START Data records

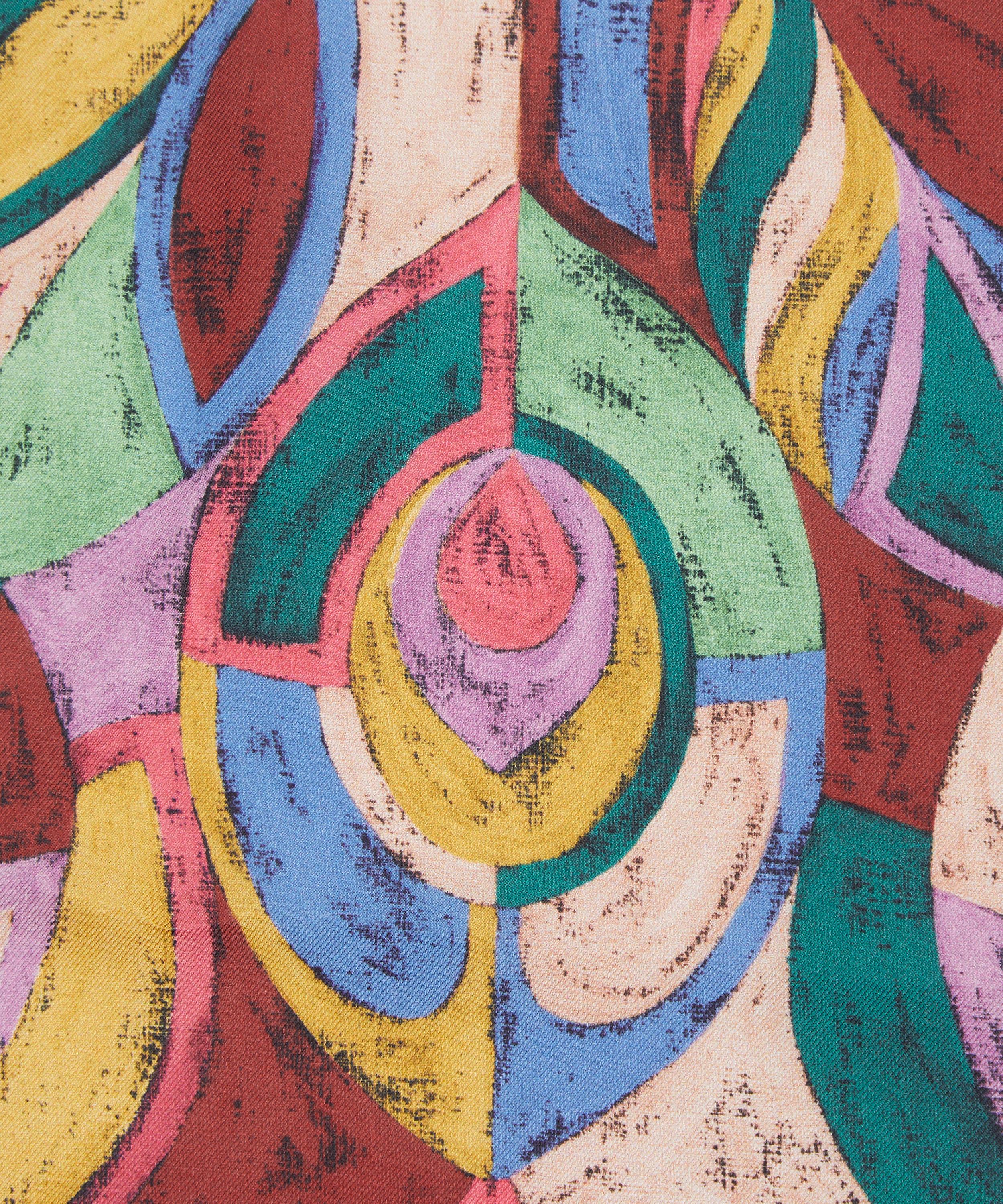 Pastel Peacock was inspired by a pendant design discovered in a book of Liberty jewellery illustrations originating from the turn of the 20th century. Featuring a simplified rendition of a peacock feather motif, the pencil-drawn sketch was reimagined with richly textured, acrylic paint. Flowing both vertically and horizontally across the fabric, this graphic pattern is imbued with a sense of alternating movement. This print is part of the Craftsmanship narrative of this collection, exploring the creative process from within the Liberty archive, from print impressions and embroidered studies, to ceramics, jewellery, and furniture. Uncover the origins of the designers’ musings through artworks inspired by their sketchbooks and prototypes.
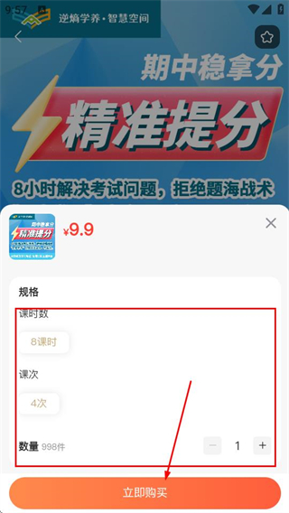 3、在课程详情页,点击立即购买按钮,可进入规格选择页面。
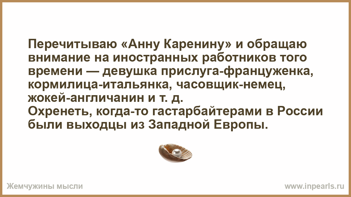 Перечитываю «Анну Каренину» и обращаю внимание на иностранных работников того времени — девушка прислуга-француженка, кормилица-итальянка, часовщик-немец, жокей-англичанин и т. д.
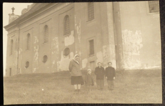 Bruntál, fotopohlednice, lídé před kostelem na Uhlířském vrchu, bez adresních linek, neprošlá, Q1
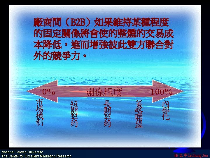 連鎖式行銷(Chain-reaction Marketing) Network orientation F Future perspective F Neural Supply-Demand System F Strategic focus F WWW WWW National Taiwan University The Center for Excellent Marketing Research 任立中Lichung Jen
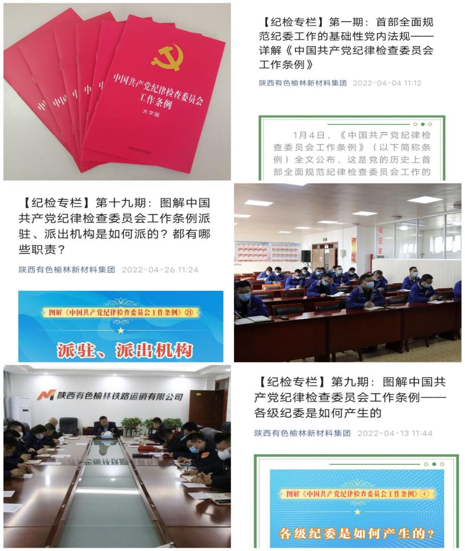 為落實(shí)陜西有色金屬集團(tuán)紀(jì)委關(guān)于學(xué)習(xí)宣傳貫徹《中國共產(chǎn)黨紀(jì)律檢查委員會工作條例》(下稱《條例》)的要求,榆林新材料集團(tuán)紀(jì)委全面安排部署,堅(jiān)持橫向到邊、縱向到底的工作舉措,在全公司范圍內(nèi)掀起學(xué)習(xí)貫徹《條例》熱潮。
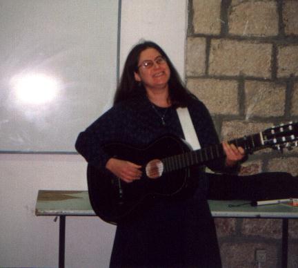 Rahel Jaskow First about the woman, and then the dues. Rahel Jaskow was born in New York City, but when she was seven, her family moved way beyond the suburbs to rural Monroe. At first she stood out academically: she was what you might call a rather smart cookie. However, as she is wont to muse a bit ruefully, smart cookies do not necessarily stand out in the baking pan of teen social life. So she compensated by developing a dream. At eleven, she went to Jewish summer camp and learned Shabbat songs for the first time. Ever since then, she says, she carried the songs in her mind along with the harmonies she created, and waited for the time they would emerge to be heard by others. In the interim, she studied drama and English literature, and worked as a DJ at a National Public Radio affiliate in Rochester, New York. Those of you who remember Radio West may well recall Rahel's dulcet tones as she presented the Sabbath Eve program. In her late teens Rahel became observant. During college and afterwards, she visited Israel several times as an army volunteer. Even as a little girl, she had fallen in love with Hebrew music. After her fourth stint in Israeli khaki, Rahel packed all her belongings and made aliya. Well, she did, but her belongings didn't. They were thrown off the ship during a storm at sea. (Rahel, the daughter of a former Merchant Marine seaman, mourned the loss of her belongings but notes with gratitude that the ship and her crew made it safely to port.) And so Rahel arrived in Israel. She did a final volunteer spell in the army, then made her way to Jerusalem. While working at her day job, she discovered she had a knack for healing. So she studied with Yonina Jacobs, a decision that changed her life. (One of Rahel's many enduring traits is her willingness to use her healing hands on tight muscles and aching bones. I can tell you from personal experience, it is so very nice.) It was inevitable that Rahel's beautiful voice began to attract attention. I first heard her perform at the second AACI song festival in 1997. For me, it was love at first sound. Shortly after that, she realized one of her ongoing dreams when she was introduced to Shuly Nathan, who first sang Naomi Shemer's Jerusalem of Gold. A fast friendship developed between them, and now Rahel occasionally accompanies Shuly in concert. Rahel insists that she does not regard herself as a folk singer per se. But none of the folkies who heard her would agree. As a result, she kept getting invited to home hoots and folk clubs where she met an increasing number of singers and musicians upon whom she made a profound impression. She began to be invited to perform, first as a vocal accompanist and then as a solo performer in her own right. She has appeared all over the country and has captured the hearts of all who've heard her.
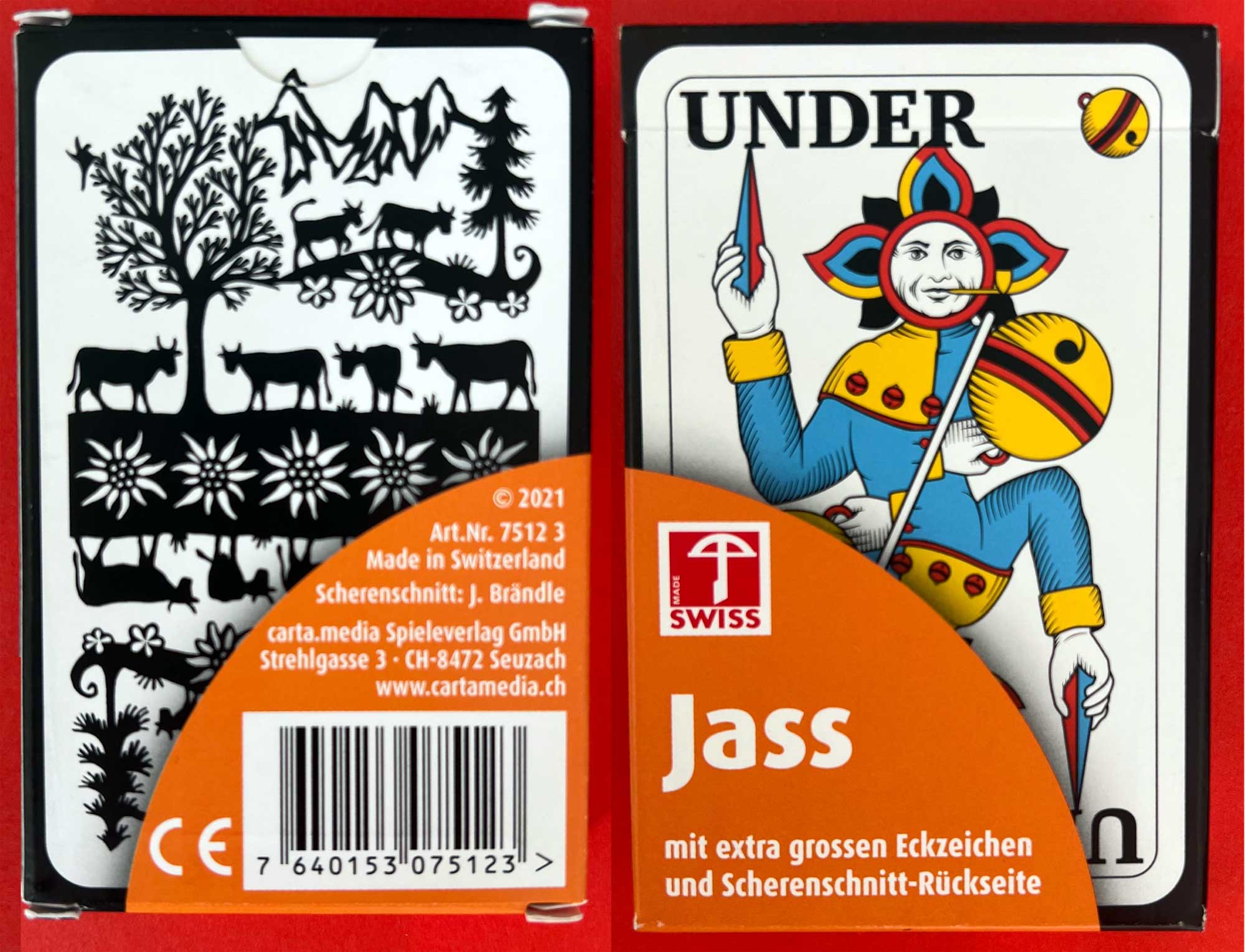 The Ace of Hearts bears the carta.media¹ company logo, while the Ace of Bells features a “Made in Switzerland” emblem, serving as a designation of origin. The design is legally protected, as indicated by a copyright notice in the border text of the King of Bells. This modern pattern exemplifies the trend of adapting traditional regional card designs for contemporary production and usage, balancing visual clarity with cultural continuity.

END Data records

Task objective —
Copy the listing above verbatim; the pictures it contains are to stay out.

Answer to this problem —
 Pastel Peacock was inspired by a pendant design discovered in a book of Liberty jewellery illustrations originating from the turn of the 20th century. Featuring a simplified rendition of a peacock feather motif, the pencil-drawn sketch was reimagined with richly textured, acrylic paint. Flowing both vertically and horizontally across the fabric, this graphic pattern is imbued with a sense of alternating movement. This print is part of the Craftsmanship narrative of this collection, exploring the creative process from within the Liberty archive, from print impressions and embroidered studies, to ceramics, jewellery, and furniture. Uncover the origins of the designers’ musings through artworks inspired by their sketchbooks and prototypes.
 3、在课程详情页,点击立即购买按钮,可进入规格选择页面。
 Перечитываю «Анну Каренину» и обращаю внимание на иностранных работников того времени — девушка прислуга-француженка, кормилица-итальянка, часовщик-немец, жокей-англичанин и т. д.
 Bruntál, fotopohlednice, lídé před kostelem na Uhlířském vrchu, bez adresních linek, neprošlá, Q1
 連鎖式行銷(Chain-reaction Marketing) Network orientation F Future perspective F Neural Supply-Demand System F Strategic focus F WWW WWW National Taiwan University The Center for Excellent Marketing Research 任立中Lichung Jen
 為落實(shí)陜西有色金屬集團(tuán)紀(jì)委關(guān)于學(xué)習(xí)宣傳貫徹《中國共產(chǎn)黨紀(jì)律檢查委員會工作條例》(下稱《條例》)的要求,榆林新材料集團(tuán)紀(jì)委全面安排部署,堅(jiān)持橫向到邊、縱向到底的工作舉措,在全公司范圍內(nèi)掀起學(xué)習(xí)貫徹《條例》熱潮。
 Rahel Jaskow First about the woman, and then the dues. Rahel Jaskow was born in New York City, but when she was seven, her family moved way beyond the suburbs to rural Monroe. At first she stood out academically: she was what you might call a rather smart cookie. However, as she is wont to muse a bit ruefully, smart cookies do not necessarily stand out in the baking pan of teen social life. So she compensated by developing a dream. At eleven, she went to Jewish summer camp and learned Shabbat songs for the first time. Ever since then, she says, she carried the songs in her mind along with the harmonies she created, and waited for the time they would emerge to be heard by others. In the interim, she studied drama and English literature, and worked as a DJ at a National Public Radio affiliate in Rochester, New York. Those of you who remember Radio West may well recall Rahel's dulcet tones as she presented the Sabbath Eve program. In her late teens Rahel became observant. During college and afterwards, she visited Israel several times as an army volunteer. Even as a little girl, she had fallen in love with Hebrew music. After her fourth stint in Israeli khaki, Rahel packed all her belongings and made aliya. Well, she did, but her belongings didn't. They were thrown off the ship during a storm at sea. (Rahel, the daughter of a former Merchant Marine seaman, mourned the loss of her belongings but notes with gratitude that the ship and her crew made it safely to port.) And so Rahel arrived in Israel. She did a final volunteer spell in the army, then made her way to Jerusalem. While working at her day job, she discovered she had a knack for healing. So she studied with Yonina Jacobs, a decision that changed her life. (One of Rahel's many enduring traits is her willingness to use her healing hands on tight muscles and aching bones. I can tell you from personal experience, it is so very nice.) It was inevitable that Rahel's beautiful voice began to attract attention. I first heard her perform at the second AACI song festival in 1997. For me, it was love at first sound. Shortly after that, she realized one of her ongoing dreams when she was introduced to Shuly Nathan, who first sang Naomi Shemer's Jerusalem of Gold. A fast friendship developed between them, and now Rahel occasionally accompanies Shuly in concert. Rahel insists that she does not regard herself as a folk singer per se. But none of the folkies who heard her would agree. As a result, she kept getting invited to home hoots and folk clubs where she met an increasing number of singers and musicians upon whom she made a profound impression. She began to be invited to perform, first as a vocal accompanist and then as a solo performer in her own right. She has appeared all over the country and has captured the hearts of all who've heard her.
 The Ace of Hearts bears the carta.media¹ company logo, while the Ace of Bells features a “Made in Switzerland” emblem, serving as a designation of origin. The design is legally protected, as indicated by a copyright notice in the border text of the King of Bells. This modern pattern exemplifies the trend of adapting traditional regional card designs for contemporary production and usage, balancing visual clarity with cultural continuity.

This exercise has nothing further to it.